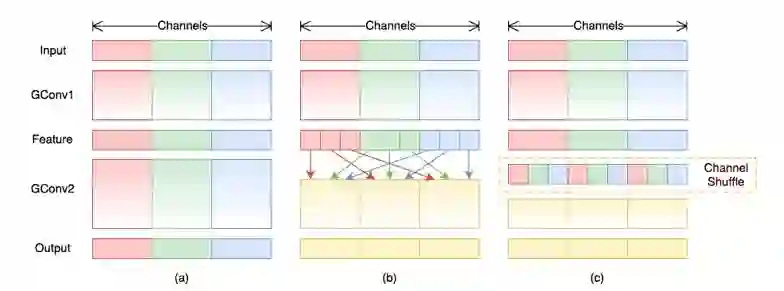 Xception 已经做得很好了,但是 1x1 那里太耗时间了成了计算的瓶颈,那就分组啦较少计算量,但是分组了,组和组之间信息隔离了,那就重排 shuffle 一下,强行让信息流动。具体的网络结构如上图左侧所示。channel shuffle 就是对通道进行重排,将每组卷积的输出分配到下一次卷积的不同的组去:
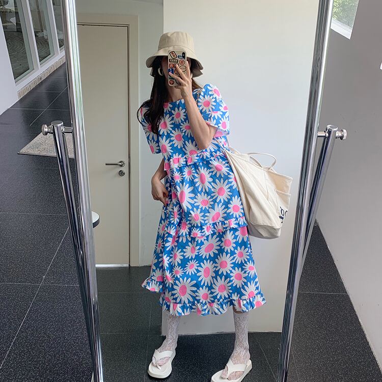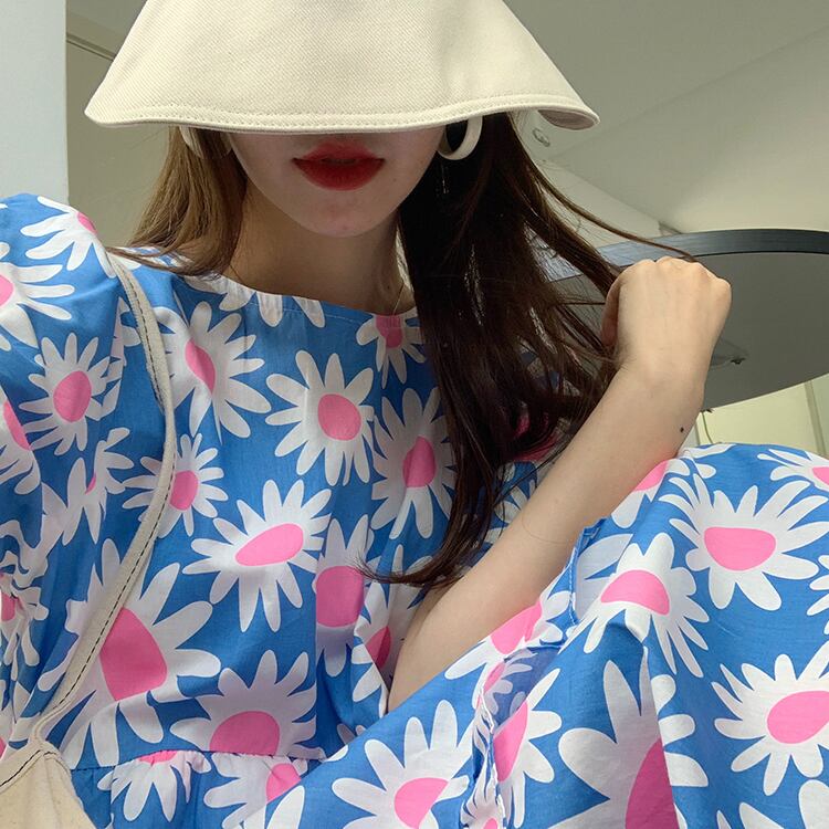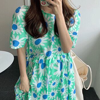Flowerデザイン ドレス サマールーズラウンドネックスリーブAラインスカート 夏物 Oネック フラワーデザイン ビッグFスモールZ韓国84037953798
==
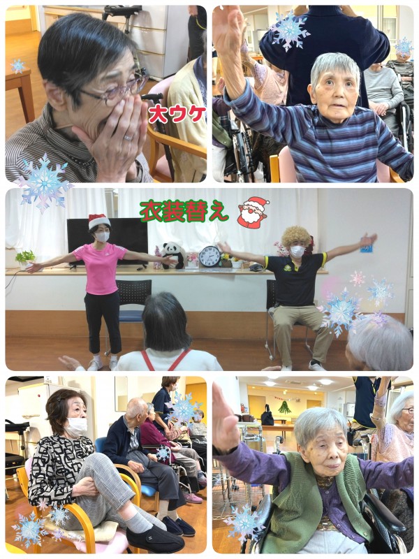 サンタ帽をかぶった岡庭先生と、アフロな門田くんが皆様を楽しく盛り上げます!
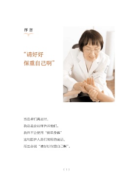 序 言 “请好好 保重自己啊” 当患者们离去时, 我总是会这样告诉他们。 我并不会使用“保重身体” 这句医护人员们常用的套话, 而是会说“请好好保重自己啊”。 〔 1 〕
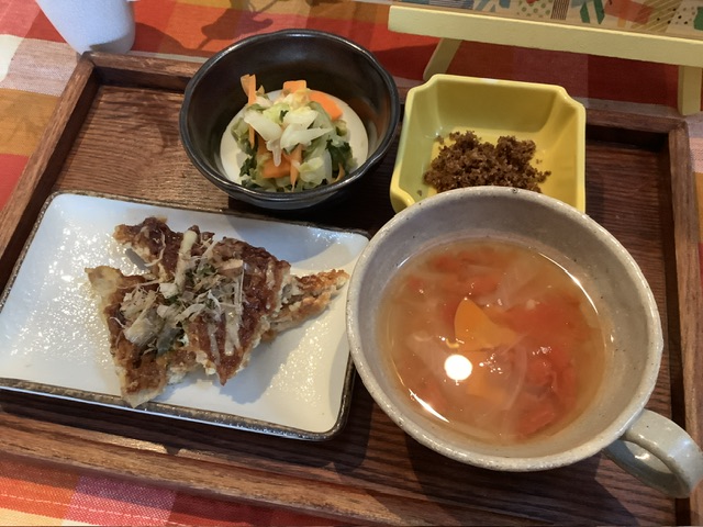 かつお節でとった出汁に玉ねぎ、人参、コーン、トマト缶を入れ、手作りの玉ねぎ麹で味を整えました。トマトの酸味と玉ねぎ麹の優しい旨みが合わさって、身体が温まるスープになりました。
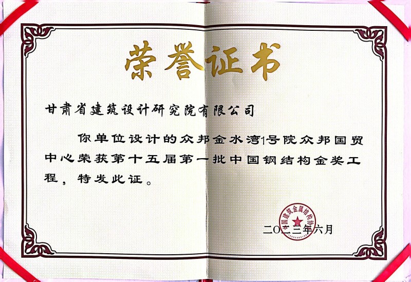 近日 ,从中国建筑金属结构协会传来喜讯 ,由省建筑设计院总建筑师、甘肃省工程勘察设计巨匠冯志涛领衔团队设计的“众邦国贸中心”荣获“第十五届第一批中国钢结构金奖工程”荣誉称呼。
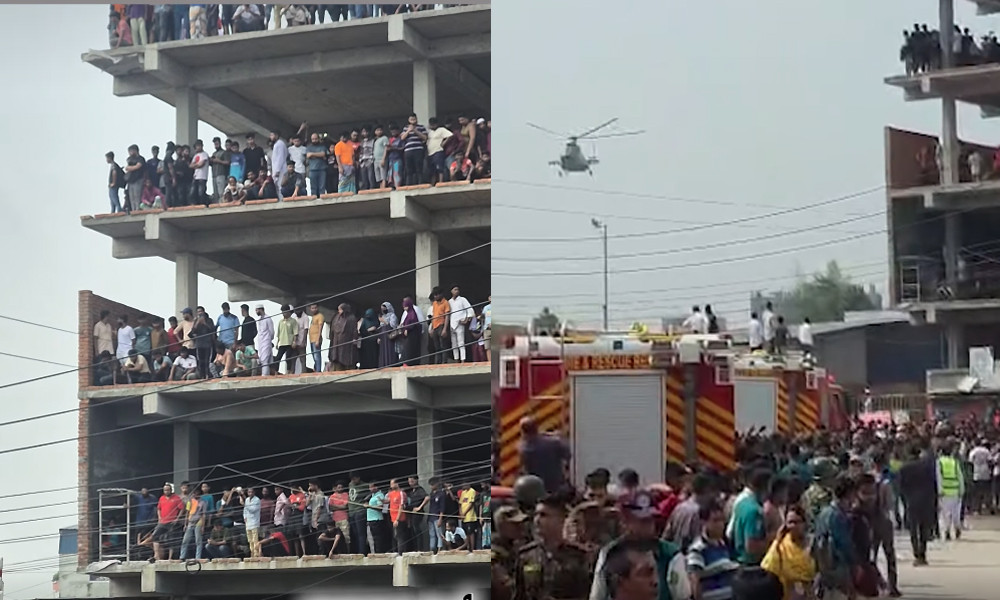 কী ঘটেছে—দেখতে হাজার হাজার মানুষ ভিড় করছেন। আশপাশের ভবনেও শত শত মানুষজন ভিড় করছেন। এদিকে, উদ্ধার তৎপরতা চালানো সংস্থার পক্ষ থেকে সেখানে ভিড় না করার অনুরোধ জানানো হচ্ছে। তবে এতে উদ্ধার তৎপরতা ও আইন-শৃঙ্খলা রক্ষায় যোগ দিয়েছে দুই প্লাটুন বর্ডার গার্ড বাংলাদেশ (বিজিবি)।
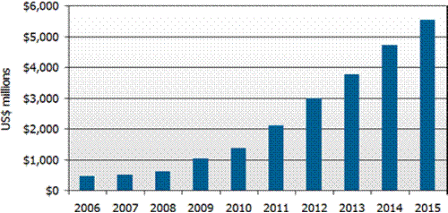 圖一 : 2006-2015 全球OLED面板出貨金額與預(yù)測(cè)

Problem statement ->
From the entries above, copy exactly the lines starting at the one with "Xception 已经做得很好了,但是 1x1" and stopping at the one with "Flowerデザイン ドレス サマールーズラウンドネックスリーブAラインスカート", keeping both ends. Drop the pictures.

Result of the task ->
 Xception 已经做得很好了,但是 1x1 那里太耗时间了成了计算的瓶颈,那就分组啦较少计算量,但是分组了,组和组之间信息隔离了,那就重排 shuffle 一下,强行让信息流动。具体的网络结构如上图左侧所示。channel shuffle 就是对通道进行重排,将每组卷积的输出分配到下一次卷积的不同的组去:
Flowerデザイン ドレス サマールーズラウンドネックスリーブAラインスカート 夏物 Oネック フラワーデザイン ビッグFスモールZ韓国84037953798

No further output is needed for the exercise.